• **STUDY MATERIAL**:
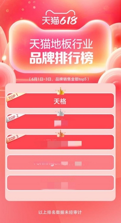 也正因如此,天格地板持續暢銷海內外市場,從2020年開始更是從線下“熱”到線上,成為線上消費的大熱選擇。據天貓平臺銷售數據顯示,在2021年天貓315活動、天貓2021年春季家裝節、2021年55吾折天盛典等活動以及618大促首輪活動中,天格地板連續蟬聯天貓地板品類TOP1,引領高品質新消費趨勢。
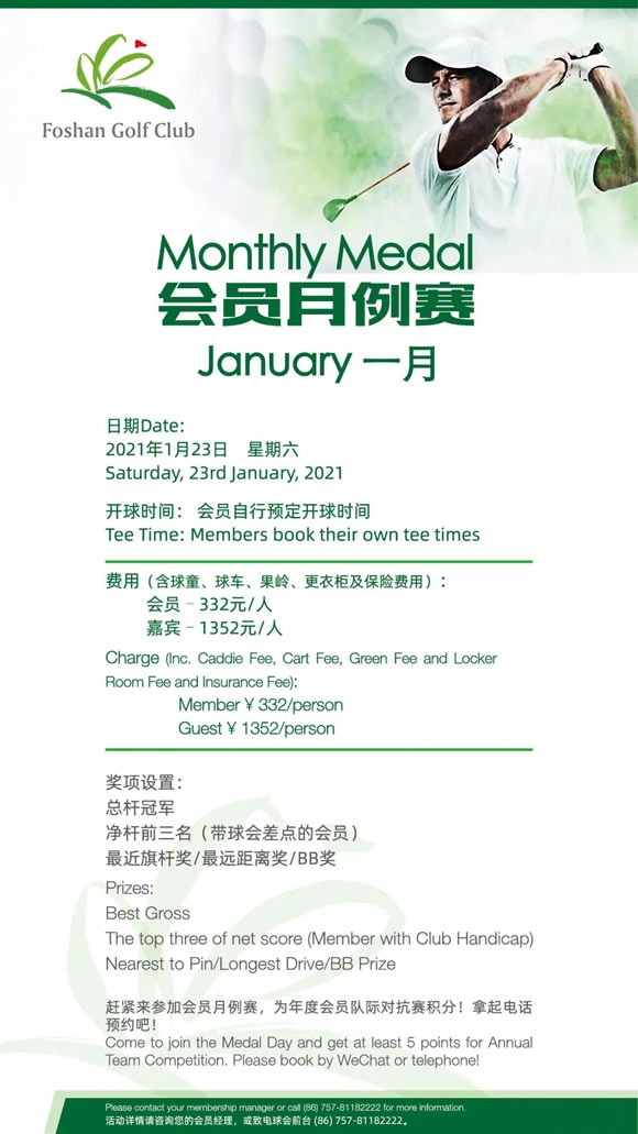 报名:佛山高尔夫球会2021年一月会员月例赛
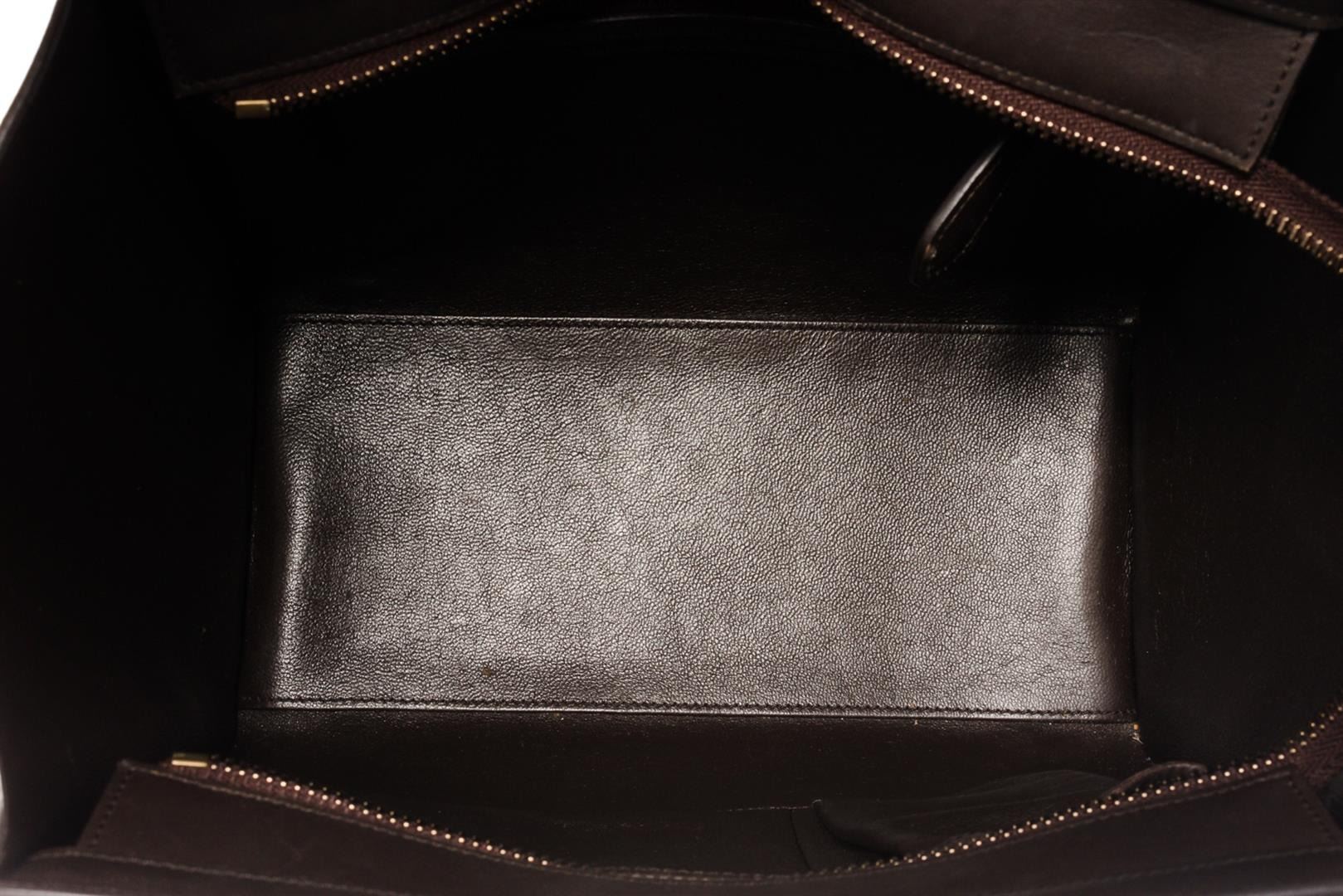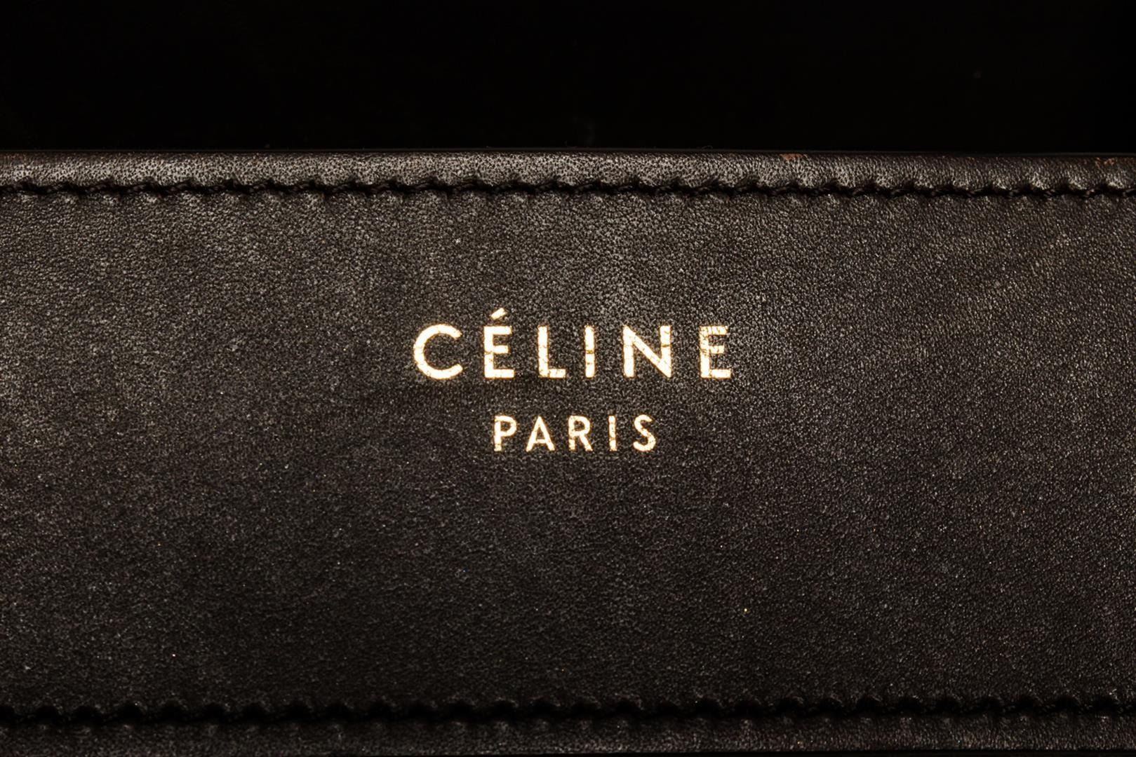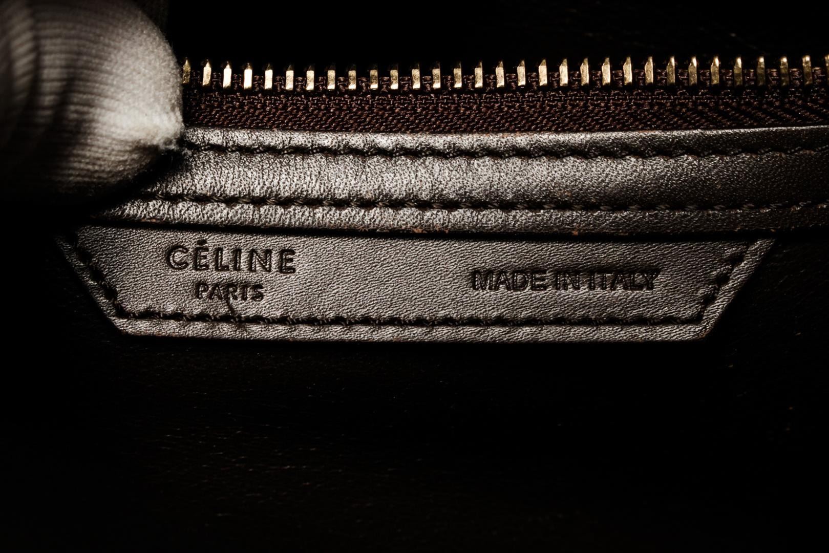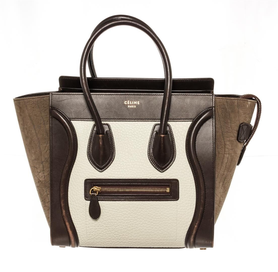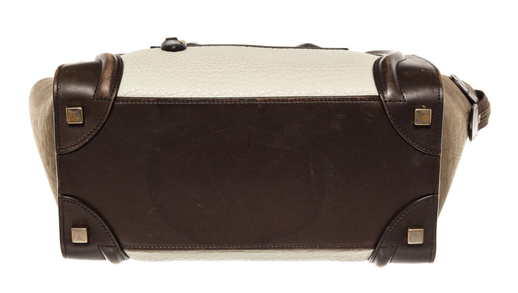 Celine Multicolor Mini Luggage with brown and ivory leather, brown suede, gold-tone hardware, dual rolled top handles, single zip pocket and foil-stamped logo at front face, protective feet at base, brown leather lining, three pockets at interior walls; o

* * *

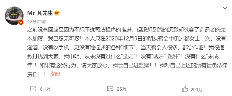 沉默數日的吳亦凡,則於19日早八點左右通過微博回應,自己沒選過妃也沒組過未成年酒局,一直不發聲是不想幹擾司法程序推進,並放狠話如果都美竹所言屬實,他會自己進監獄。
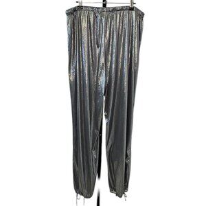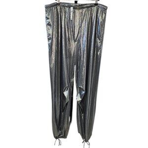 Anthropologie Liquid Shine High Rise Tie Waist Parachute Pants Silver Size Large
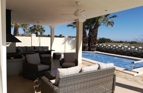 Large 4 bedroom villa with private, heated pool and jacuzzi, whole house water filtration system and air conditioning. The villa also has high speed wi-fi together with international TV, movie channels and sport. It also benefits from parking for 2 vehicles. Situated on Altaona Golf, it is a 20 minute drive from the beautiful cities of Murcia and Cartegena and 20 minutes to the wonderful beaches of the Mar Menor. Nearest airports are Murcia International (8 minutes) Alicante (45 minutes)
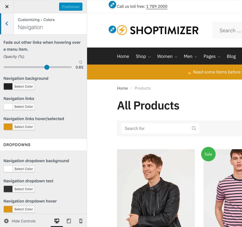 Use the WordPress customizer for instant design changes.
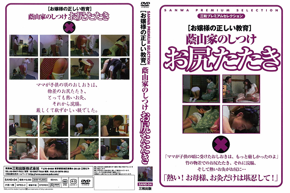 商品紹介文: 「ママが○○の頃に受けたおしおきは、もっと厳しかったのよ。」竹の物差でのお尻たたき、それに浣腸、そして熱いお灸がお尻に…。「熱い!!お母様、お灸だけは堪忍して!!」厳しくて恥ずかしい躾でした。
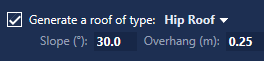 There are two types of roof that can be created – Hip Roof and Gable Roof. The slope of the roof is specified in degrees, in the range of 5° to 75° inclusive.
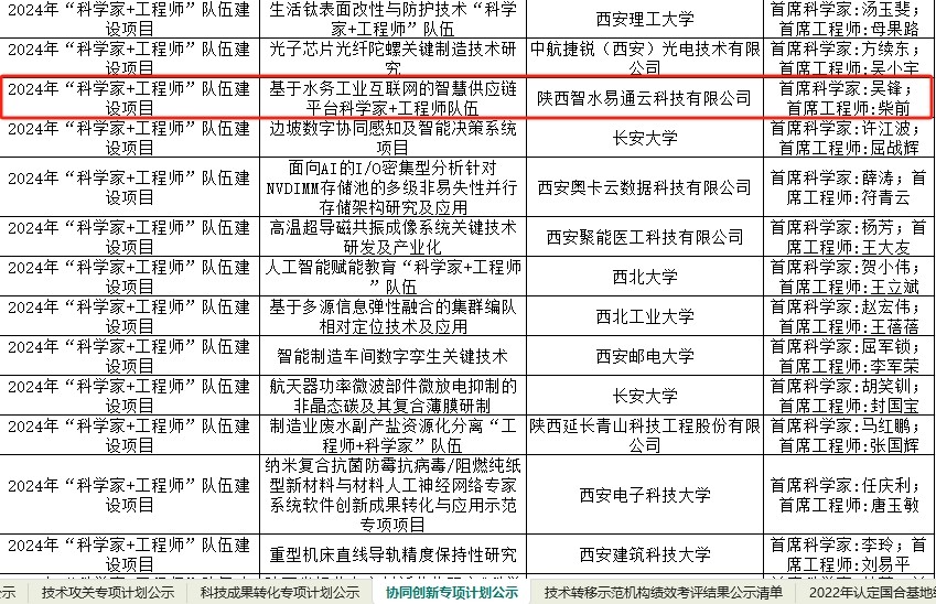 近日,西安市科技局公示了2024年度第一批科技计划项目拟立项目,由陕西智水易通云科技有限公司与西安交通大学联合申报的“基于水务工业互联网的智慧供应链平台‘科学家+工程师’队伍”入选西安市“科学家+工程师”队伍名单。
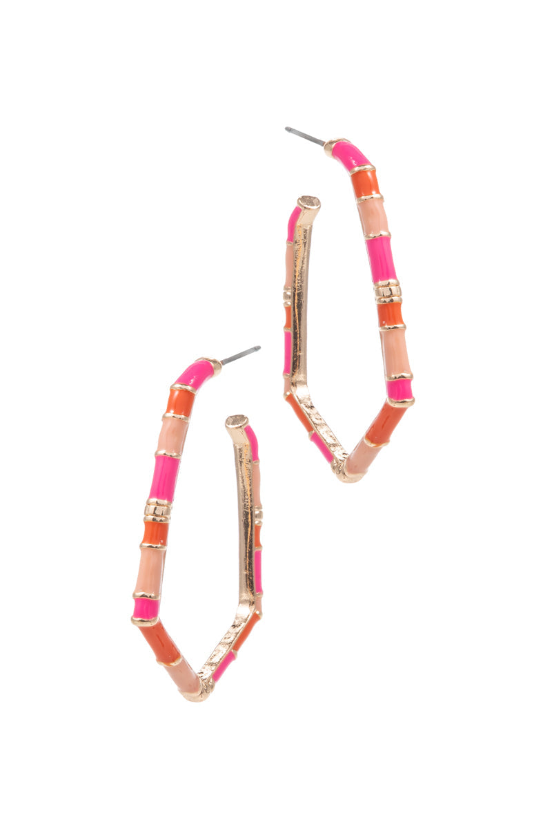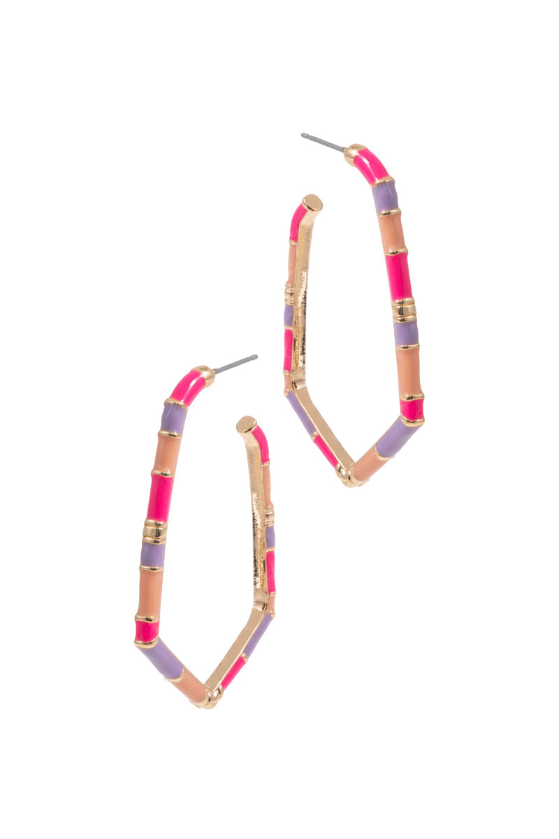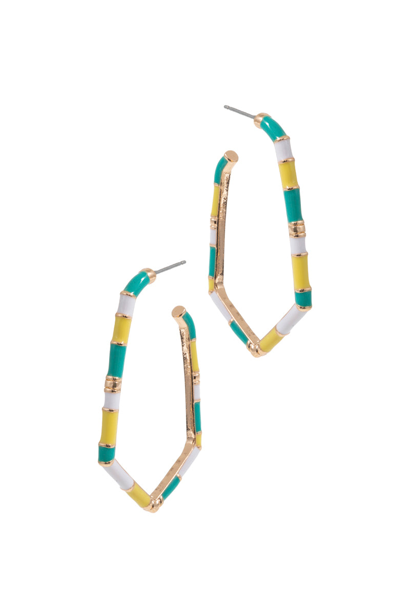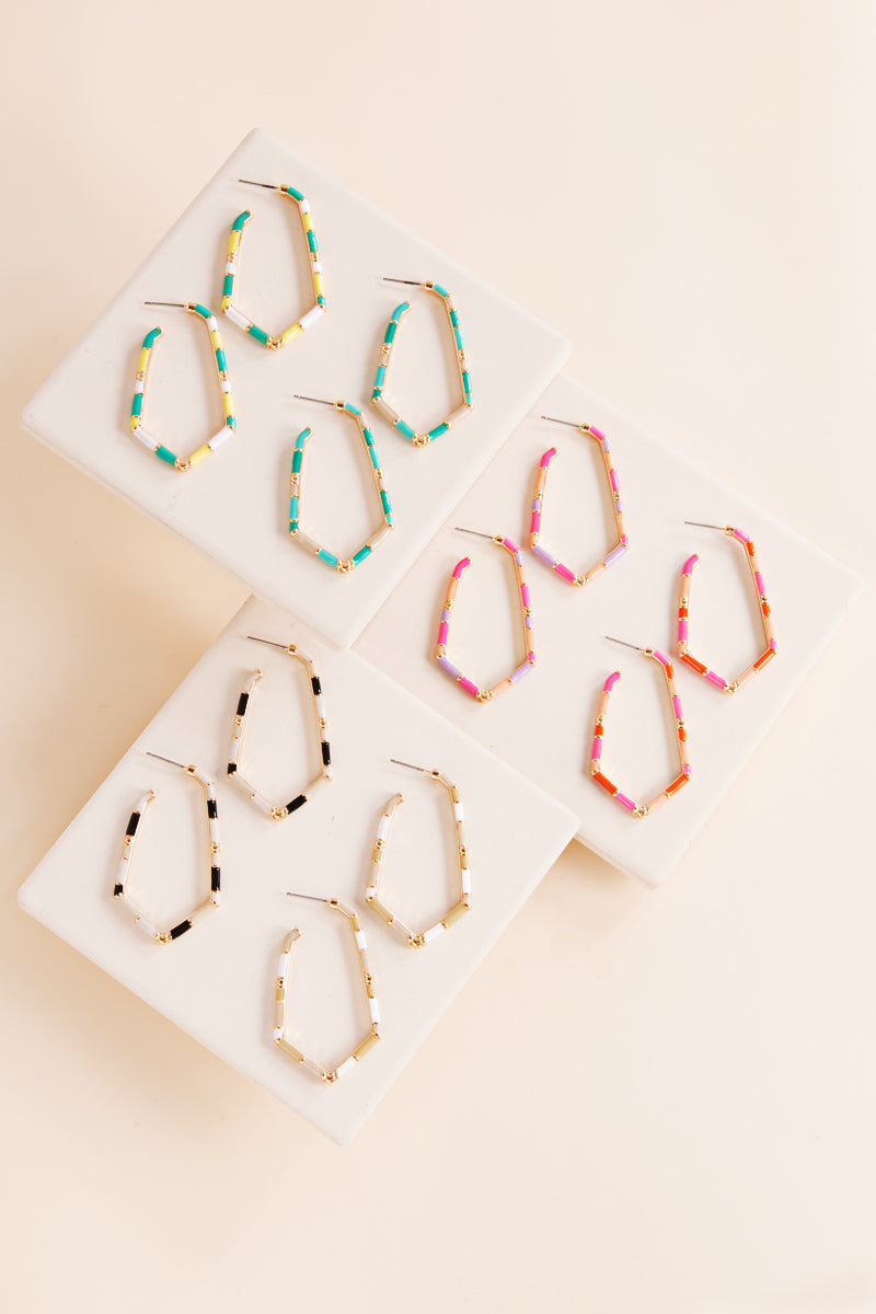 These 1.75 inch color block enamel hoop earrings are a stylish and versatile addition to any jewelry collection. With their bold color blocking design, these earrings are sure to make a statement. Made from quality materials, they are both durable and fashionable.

--

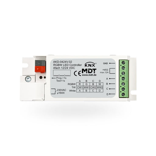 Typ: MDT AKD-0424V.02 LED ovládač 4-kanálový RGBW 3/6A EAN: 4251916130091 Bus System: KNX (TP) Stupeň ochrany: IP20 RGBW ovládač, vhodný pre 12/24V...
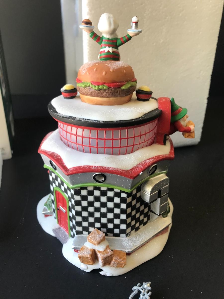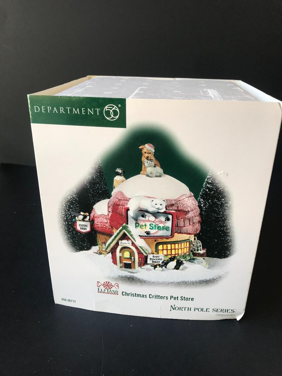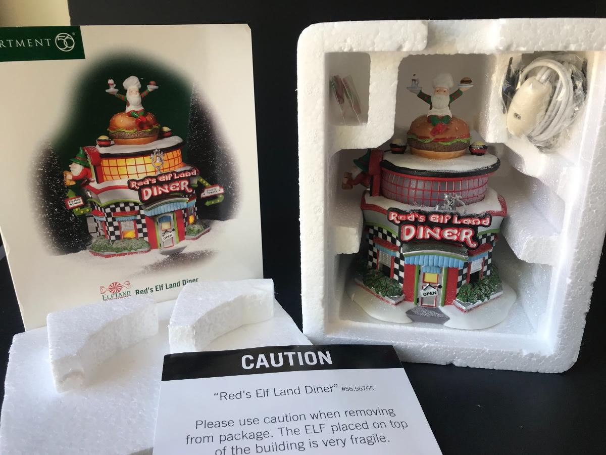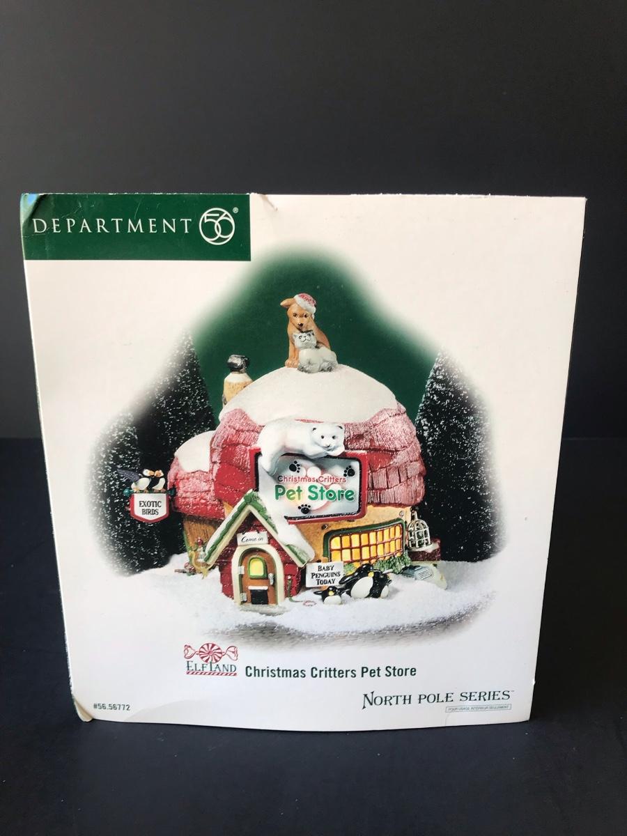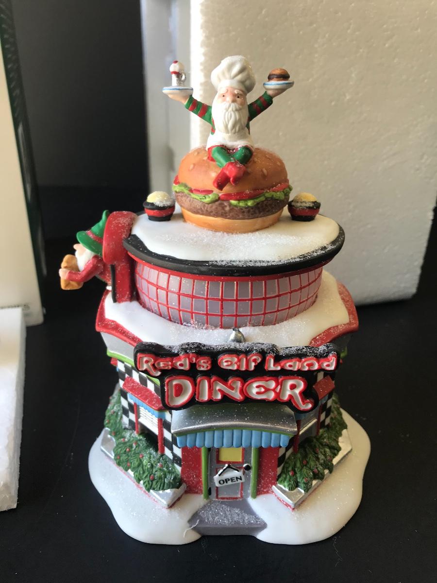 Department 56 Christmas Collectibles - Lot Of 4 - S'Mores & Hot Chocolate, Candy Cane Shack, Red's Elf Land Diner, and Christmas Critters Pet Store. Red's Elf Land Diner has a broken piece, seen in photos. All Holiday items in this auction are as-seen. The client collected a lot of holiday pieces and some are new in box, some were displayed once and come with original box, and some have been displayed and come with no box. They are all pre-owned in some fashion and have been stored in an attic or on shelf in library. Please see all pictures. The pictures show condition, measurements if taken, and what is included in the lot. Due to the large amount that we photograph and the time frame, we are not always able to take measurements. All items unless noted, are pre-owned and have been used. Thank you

• **EXERCISE DESCRIPTION**: Nothing outside the stretch above, from the line with "近日,西安市科技局公示了20" through the line with "These 1.75 inch", is set down. Transcribe that stretch exactly, ends included, but not its pictures.

• **EXERCISE RESPONSE**:
 近日,西安市科技局公示了2024年度第一批科技计划项目拟立项目,由陕西智水易通云科技有限公司与西安交通大学联合申报的“基于水务工业互联网的智慧供应链平台‘科学家+工程师’队伍”入选西安市“科学家+工程师”队伍名单。
 These 1.75 inch color block enamel hoop earrings are a stylish and versatile addition to any jewelry collection. With their bold color blocking design, these earrings are sure to make a statement. Made from quality materials, they are both durable and fashionable.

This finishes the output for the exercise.